If a task can be divided into independent subtasks, then the subtasks can be accomplished by a great number of execution cores with ability of fast switching between subtasks. Typically, various cores perform diverse blocks of software code. The calculation results are stored in shared memory or transmitted from a child thread to a parent thread. In the established terminology such concept is called ‘lightweight threads’. The important part is to provide the spawning mechanism of simultaneously executed threads on the processor level, not on the OS level. Theoretically, the overhead cost of such thread call is on a par with the ordinary function execution expenses. In C language thread spawning may look like this:

void start_thread(int(*)(int), int, ...);

Such a call can be performed by any core. The function needs to give a pointer to an executed function, number of arguments and, particularly the arguments if those exist.

The call along with the atomic non-blocking operations of increment and with some other standard operations create an ability to spawn and to join the simultaneously executed threads groups generating series-parallel processor program with many computing cores.

Smart Memory

By the term ‘smart memory’ is meant a memory with additional features of data and ability to manipulate data based on these features on the memory controller level without the direct participation of computing processor cores. One of the most known types of memory is shared memory with FE bits where an extra bit is added to each of the memory words. The bit may be defined as ‘full’ if the slot consists date or ‘empty’ in other case. At attempt of reading the information from an empty slot, the reading core or the thread will be stopped untill the data appears in the slot.

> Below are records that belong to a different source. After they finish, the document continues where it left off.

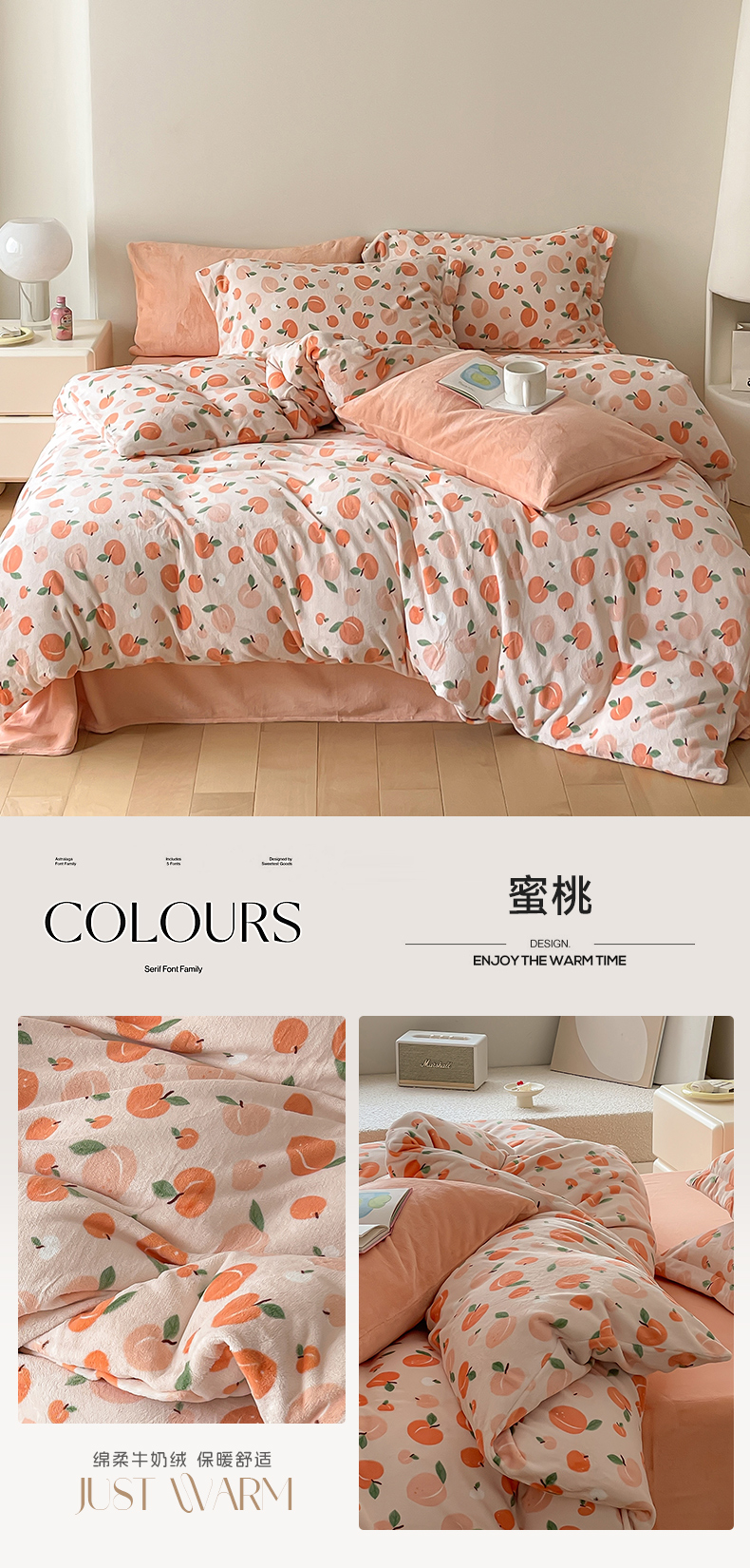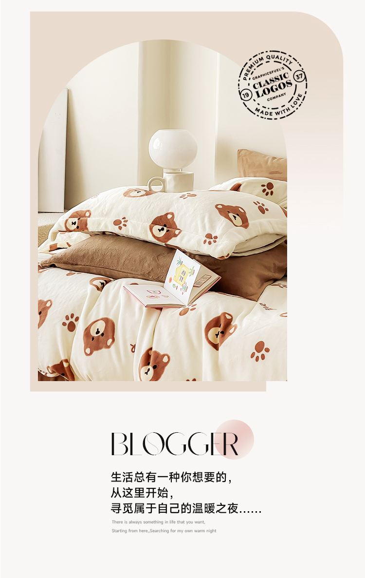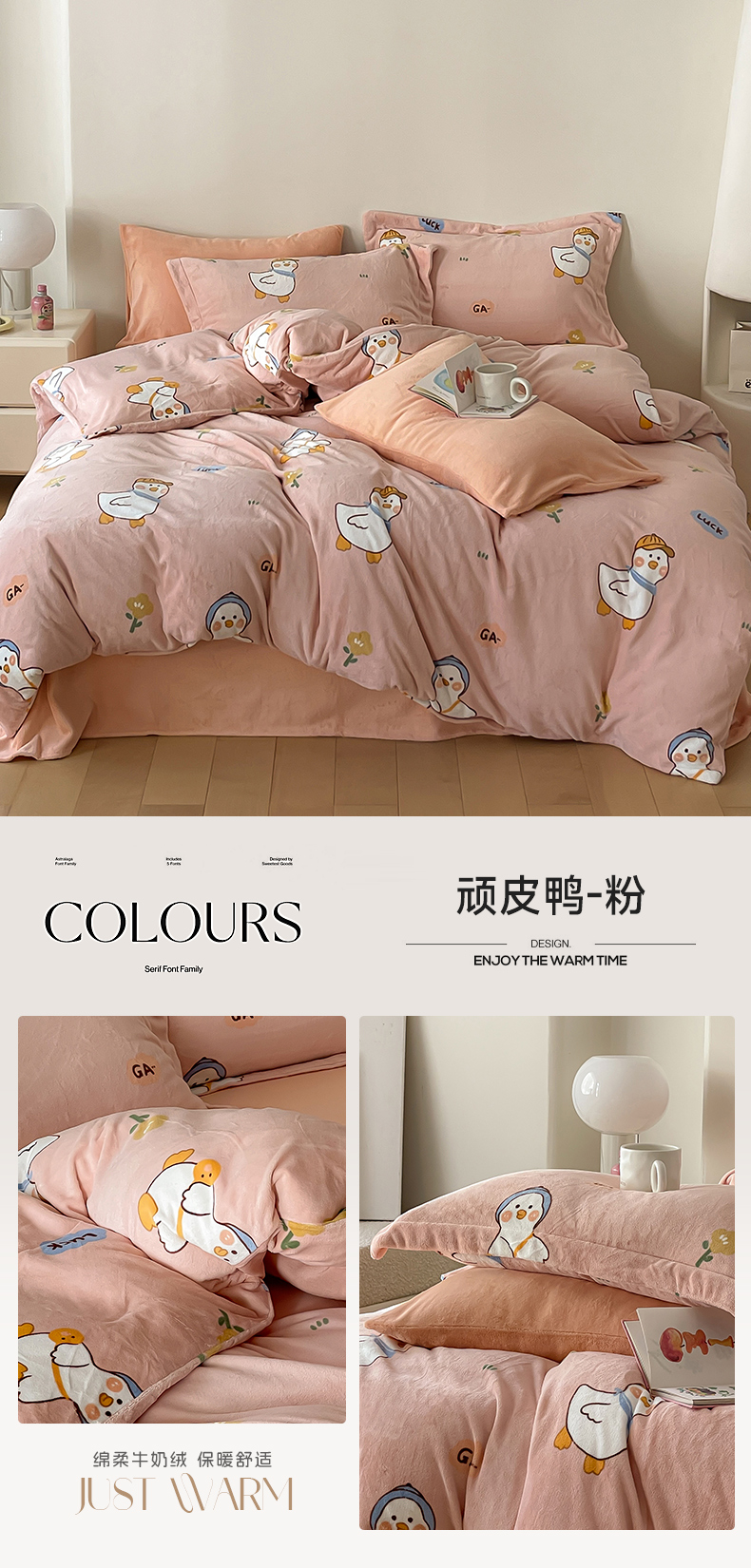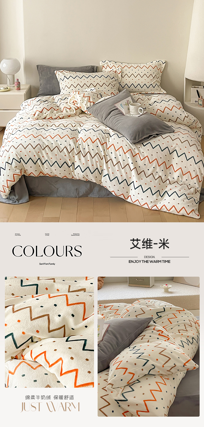 (总)时光里 2023新款全消光加厚牛奶绒印花四件套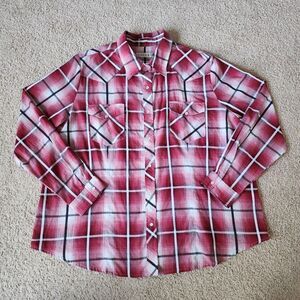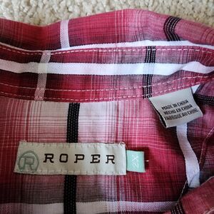 Roper Pearl Snap Shirt Womens 2X Pink Red Black Plaid Western Cowboy Equestrain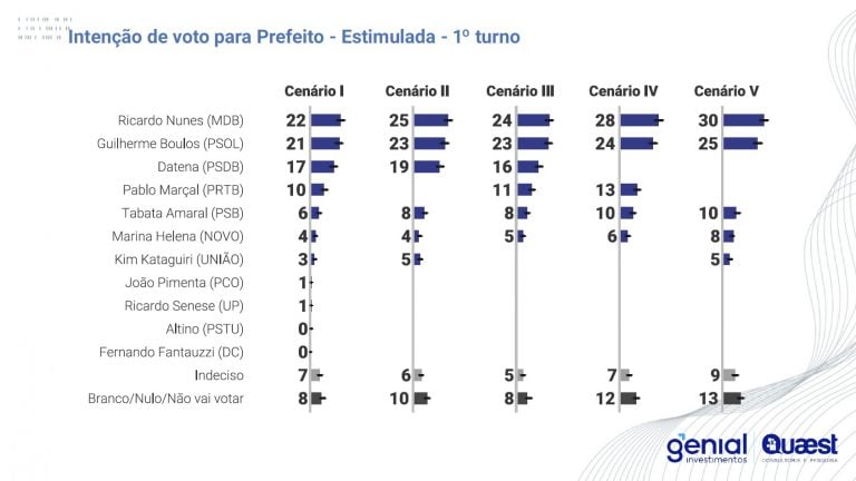 Nessa que é a primeira pesquisa da Genial/Quaest sobre o pleito paulistano, Nunes aparece com 22% das intenções de votos. Logo em seguida, Boulos ficou com 21%.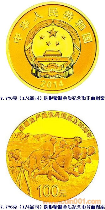 中國人民銀行定于2014年6月30日發(fā)行新疆生產(chǎn)建設(shè)兵團(tuán)成立60周年金銀紀(jì)念幣一套。該套紀(jì)念幣共3枚,其中金幣1枚,銀幣2枚,均為中華人民共和國法定貨幣。

Thus, the simultaneous operation of several threads with shared memory is provided without global locks. The FE-bit specification is enough to ensure synchronization of any number of simultaneous executable processes, also on the basis of this approach any atomic operations may be performed. The FE-bit mechanism key features:
– FE mechanism doesn’t generate global locks;
– FE mechanism may be used for locks of any granularity;
– FE mechanism doesn’t use polling;
– FE mechanism doesn’t consume resources of waiting threads.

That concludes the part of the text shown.